Nuba: A First Middle Eastern Food Experience

This past rainy, wet Sunday marked another somewhat spontaneous food adventure to Nuba. Lesson of the day/month/year: always get into the habit of checking the hours of operation for EVERY. PLACE. you plan to visit, because since Michelle and I didn’t, we were faced with the closing doors of Waffles Gone Wild. Venturing down the windy and wet street, we decided that the options nearby were either Neverland Tea Salon, Swiss Chalet, Banana Leaf or Nuba. Neverland was quickly ruled out because they were closing in 10 minutes (6PM), I didn’t really like Swiss Chalet, so we were left with Nuba. The two of us were initially rather skeptical, having heard not-so-good reviews; but because Nuba was recently suggested by one of my customers at work, and also present on my list, I decided to push for settling here for dinner (this was also partly motivated by the poor weather).

Promptly greeted and seated by the window, I notice instantly that the restaurant was much bigger on the inside than expected. A poster inside the bathroom later informed me that this location, conveniently located along West Broadway, was the largest and also newest. Two other Nuba cafes are located on Seymour Street and East 3rd Avenue, and the other Nuba Restaurant  can be found on West Hastings. I would recommend this restaurant if you are looking for somewhere romantic for a date because of the quiet, dimly-lit environment. In another section, beautifully constructed with Lebanese elements such as dome-shaped doorways, there was an upstairs area capable of accommodating larger parties and events.

I knew virtually nothing about Middle Eastern cuisine, so Michelle was my “white cane” in guiding me on my selections. The both of us almost unanimously agreed upon the most appealing main courses offered, which were Yamam, and Habash Mahshi. One interesting thing I learned off the menu was that “Mezze” essentially is equivalent to tapas, or small appetizers for diners to share among each other.

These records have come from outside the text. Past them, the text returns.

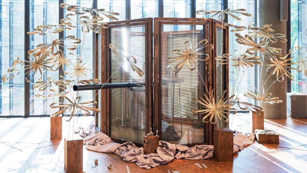 Re-Use: Der wertschätzende und freie Umgang mit Material, mit Dingen die wir Menschen produziert haben und die nur allzu schnell auf dem Müll landen, war das Hauptthema bei der Materialwahl dieses Bühnenbildes. Ein Abbruchhaus voller funktionstüchtiger, faszinierender Jalousien. Die Lamellen, die mit ein paar Schnüren, einem Stab und noch ein wenig Mechanik eine Jalousie bilden, hat die Architektin mit Kindern gemeinsam erforscht und zu allen möglichen Dingen wie Blättern, Blumen, Zaun, Vögeln u.v.m. werden lassen.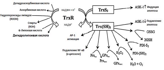 Схематическое изображение основных физиологических функций системы тиоредоксина: TrxR – тиоредоксинредуктаза;
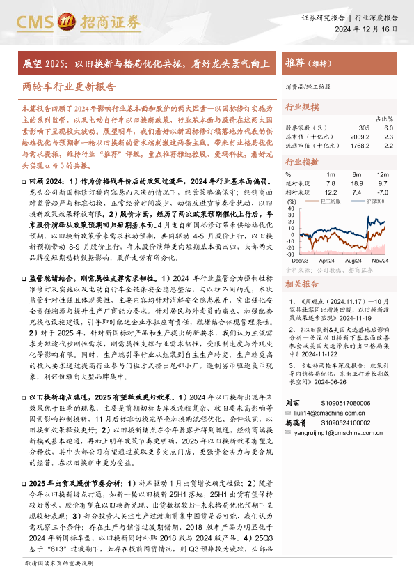 【海通证券】【20241216】20241216-招商证券-两轮车行业更新报告:展望2025:以旧换新与格局优化共振,看好龙头景气向上-18页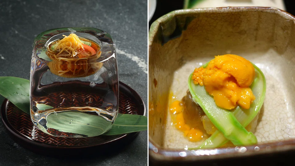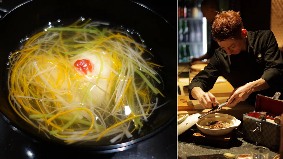 While Chef Nishi looks pretty chill, his actions say otherwise. Especially when he literally plucks one appetiser back from under our nose when he notices his apprentice hasn't plated it to his standards. He painstakingly reworks it and gives it back - a cube of braised wagyu and wintermelon, both braised to the same melt-in-the-mouth texture, topped with a dollop of clean, creamy uni. It's a mild-mannered sidekick to the livelier marinated aji - slices of smooth horse mackerel in a vinegary seaweed sauce garnished with a spear of pickled ginger flower and glittery gold leaf.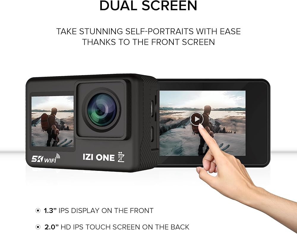 DUAL TOUCH SCREEN, ADVANCE EIS STABILIZATION : Experience convenience and versatility with this action camera, equipped with dual touch screens measuring 2.0 inches and 1.3 inches. Enjoy effortless control and easy navigation. It also features EIS stabilization, ensuring smooth and steady footage, even in challenging conditions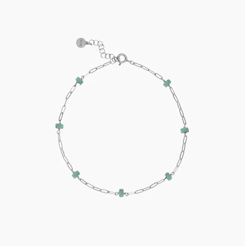 Beskrivelse Fotlenke i rhodinert sølv og naturstein. Sammensetning: Sterling sølv Overflate: Rhodinert Ankellengde: 26 cm + 3 cm forlengelse Kjede tykkelse: 2mm Steiner: Turkis Vekt: 1,6 g Håndlaget lokalt i Porto i Portugal med 100 % resirkulert sølv. |
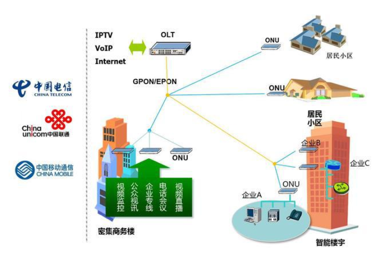 傳輸設(shè)備一般有:PON、PTN、SDH、波分、無線網(wǎng)橋、微波,現(xiàn)在常用的組網(wǎng)方式是通過PON網(wǎng)絡(luò)來組建,PON網(wǎng)絡(luò)中有以下幾種設(shè)備: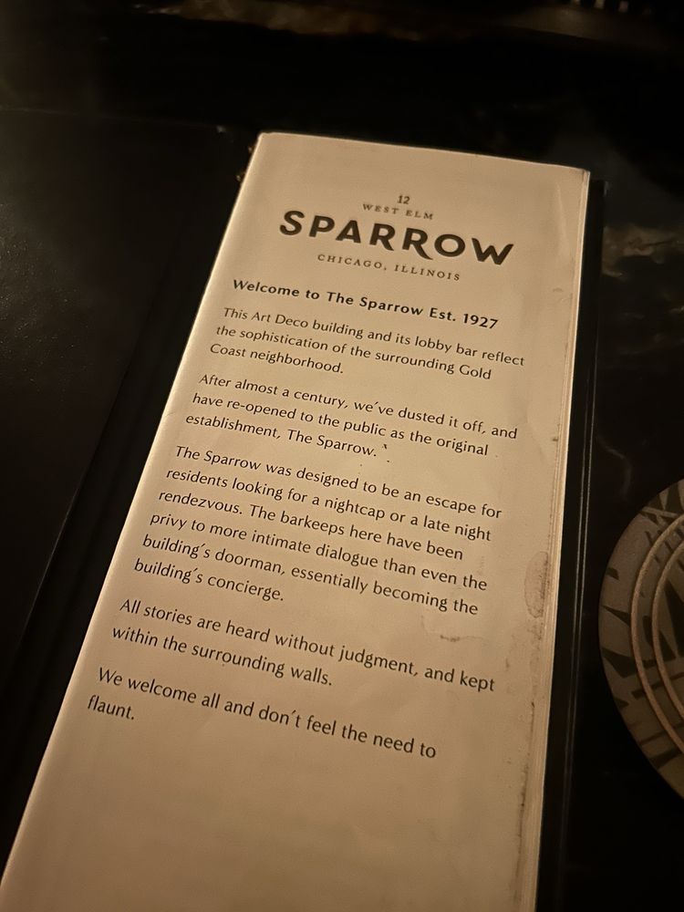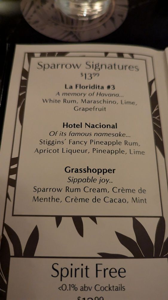 Sparrow, located at 12 W Elm St in Chicago, offers a sophisticated dining experience with a variety of amenities. From intimate and romantic settings to happy hour specials, full bar, and outdoor seating, Sparrow caters to different preferences. The extensive liqueur list includes options like Amaro Abano, Campari, and Chartreuse, while their cocktail selection features unique concoctions like the Grasshopper Sparrow and El Presidente. Sherry lovers can enjoy selections like Lustau 'Los Orcos' Amontillado and Valdespino 'Isabela' Cream. With options for walk-ins, reservations, and dog-friendly outdoor seating, Sparrow is a versatile spot for gatherings or a night out. The diverse menu and inviting ambiance will leave you coming back for more.

Michelle ended up having the Yamam ($16), which was a dish of deboned, butterflied, and pan seared quail over sumac roasted potatoes with a ginger garlic jus. I regret not inquiring further on why the menu description was followed by “(m)(gf)”, but my guess is that the latter probably means gluten-free according to Urbanspoon. I managed to get a taste of the quail, which I found delicious because of the searing that managed to effectively retain the juice and flavour. The impression of the quail resembled what you would taste from pigeons at a Chinese seafood restaurant. The Yaman was decorated with green grapes sliced in half, which I found were an interesting match to potatoes and quail. Something to mention by the way: although the waitress suggested that the Yamam could be something to share, there was nothing in the entree that could be easily divided. We were both glad we did not order the quail to share.


I chose the Habash Mahshi ($18.50) not only because of the turkey thigh rolled and stuffed with cranberries spice, nuts, and mushroom duxelle, but moreso because of the butternut squash stew on the side. I find that my liking for turkey is rather ambiguous, mostly because turkey meat is usually very dry. I loved the mushroom duxelle (because mushrooms are my favourite food), but at the same time disliked the stuffing due to the spices. However, the sweet taste of cranberries quickly compromised this sharp taste. Turkeys and cranberries always go hand in hand anyway! Overall, the Habash Mashi looked kind of gross because of the rolled turkey thigh mashed with a brown-coloured stuffing, but fear not, the whole entree actually tasted really delicious. In particular, the butternut squash stew served as an excellent dip for our pita, which I will talk about next.


Both our entrees were accompanied with this bread, which the waitress gladly refilled for us free of charge more than once. The pita was cold and even somewhat soggy near the bottom, but that did not affect my overall impression of the food. Here, pita bread was kind of equivalent to rice for an Asian dinner: a staple food. Dessert came around and this time we decided to share. Michelle suggested sharing the Baklava ($8), which are pastries deriving from the Ottoman Empire, according to Wikipedia. The flavours Nuba offered were pine, walnut, almond, and ma’amoul – a type of Middle Eastern pastry made of pistachio and shortbread. All of the baklava were drenched in syrup, as indicated in typical recipes, so they were EXTREMELY sweet. I am a sweet tooth though, so that did not matter much. My favourites of the evening were pine, for its strikingly similar taste to my favourite maple flavour, and ma’moul, which presented a chalky type of shortbread infused with pistachio that melted on my tongue. The others, walnut and almond, I felt were a little bland because all I was able to taste was sugar.


Looking at the mixed reviews on Urbanspoon, I must say I disagree with most of the negative reviews. The service and food I received were great; as for the portions, they were deceiving for appearing to be small at first. At the end of the meal, after the layered pastries, I found myself to be much fuller than antiicpated. If you look at other restaurants in the same area offering dinner, their prices do not differ greatly from one another, so I would say the price was reasonable. All in all, I am pleased to see that Vancouverites are given the chance to taste Lebanese cuisine at Nuba, given that Middle Eastern food is not too common around town, as opposed to other types of food such as Japanese or Western.